The Xtrafocus pinhole effect is based on the stenopeic principle, which allows small central rays to enter the eye and eliminates diverging rays. Thus, the circle of blur on the retina is reduced, and the depth of focus is extended. In addition, since paraxial rays are less susceptible to optical aberrations, the result is better image resolution. 4
Despite several advantages, the implant hinders the fundus examination after the implantation, which is dependent on accessory lenses with small-pupil capabilities. Therefore, it is mandatory to perform a thorough posterior segment examination, including binocular indirect ophthalmoscopy with scleral indentation, before the device is implanted. However, the black material of the device has a unique feature that facilitates a distinct imaging method for examination of the retina. Indeed, light spectroscopy shows a sudden increase in light transmittance through the device’s material in the near-infrared (IR) spectrum, as shown in the image below.

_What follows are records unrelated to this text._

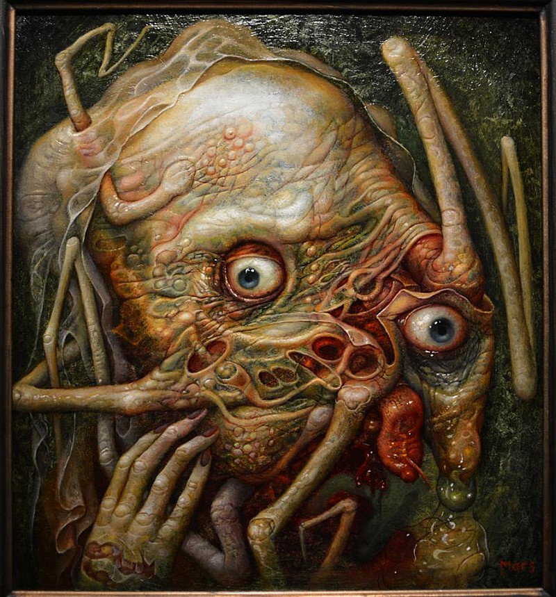 "Autointervención / Auto-Intervention", óleo sobre panel / oil on panel, 40" x 18", 2009 © Chris Mars
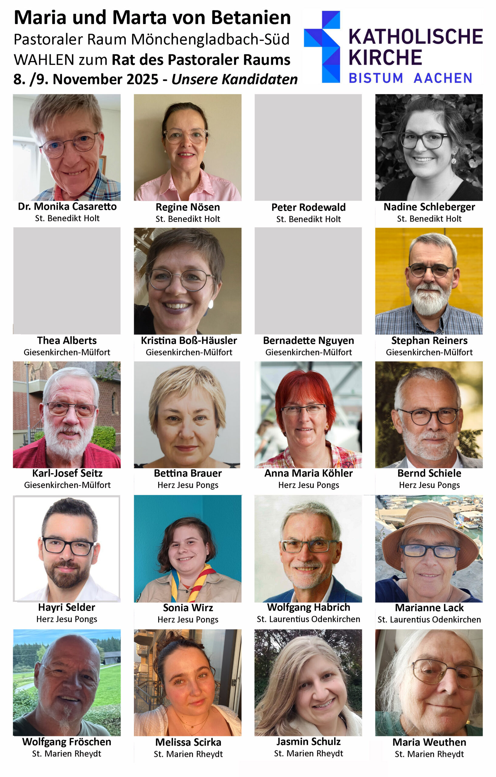 Die Wahlen finden in fünf Wahl-bezirken statt, der Bereich unserer ehemaligen GdG Giesenkirchen-Mülfort ist einer dieser Wahlbezirke. Die anderenWahlbezirke sind
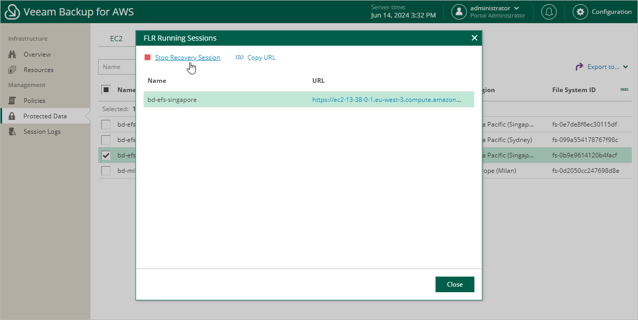 After you finish working with the file-level recovery browser, it is recommended that you stop the recovery session. To stop the recovery session, click Stop Recovery Session in the FLR Running Sessions window. If you do not perform any actions in the file-level recovery browser for 30 minutes, Veeam Backup for AWS will stop the recovery session automatically.

Therefore, IR examination of the posterior segment is feasible with IR-based imaging equipment such as optical coherent tomography and scanning laser ophthalmoscope. In addition, the anterior segment structures behind the device’s darker portion are also easily observed under IR imaging. Nonetheless, the device must be explanted if any vitreoretinal treatment is needed after implantation. 5
According to Trinidade et al.’s prospective study, analyzing the 1-day, 1 2 weeks, and 1-, 3-, and 6-month visual acuity, the intraoperative and postoperative adverse events and complications, the centration of the pinhole device, the ability to perform posterior segment examination after implantation, the insertion of the pinhole device in the ciliary sulcus can improve all the fore-above mentioned outcome parameters, with statistical significance remaining stable for at least one year after surgery. In addition, due to the piggyback implant approach, the implantation is reversible, and the device can be easily explanted if needed. However, as reported by Trinidade et al., it is crucial to exercise caution because sulcus-haptic contact can result in the creation of uveal bridges, and in the event of an explanation, high traction of such adherent areas could induce bleeding. 2
In conclusion, despite the need for prospective studies with higher sample sizes and longer follow-ups, the Xtrafocus pinhole device may be considered a valid alternative for treating challenging cases of ICA.
References:
- Lains I, Rosa AM, Guerra M, et al. Irregular astigmatism after corneal transplantation efficacy and safety of topography-guided treatment. Cornea 2016; 35:30–36
- Gao Y, Ye Z, Chen W, et al. Management of Cataract in Patients with Irregular Astigmatism with Regular Central Component by Phacoemulsification Combined with Toric Intraocular Lens Implantation. J Ophthalmol. 2020; 2020:3520856.
- Trindade CC, Trindade BC, Trindade FC, et al. New pinhole sulcus implant for the correction of irregular corneal astigmatism. J Cataract Refract Surg. 2017;43(10):1297-1306.
- Son HS, Khoramnia R, Mayer C, et al. A pinhole implant to correct postoperative residual refractive error in an RK cataract patient. Am J Ophthalmol Case Rep. 2020 Aug;20:100890.
- Trindade BLC, Trindade FC, Trindade CLC. Intraocular pinhole implantation for irregular astigmatism after planned and unplanned posterior capsule opening during cataract surgery. J Cataract Refract Surg. 2019;45(3):372-377.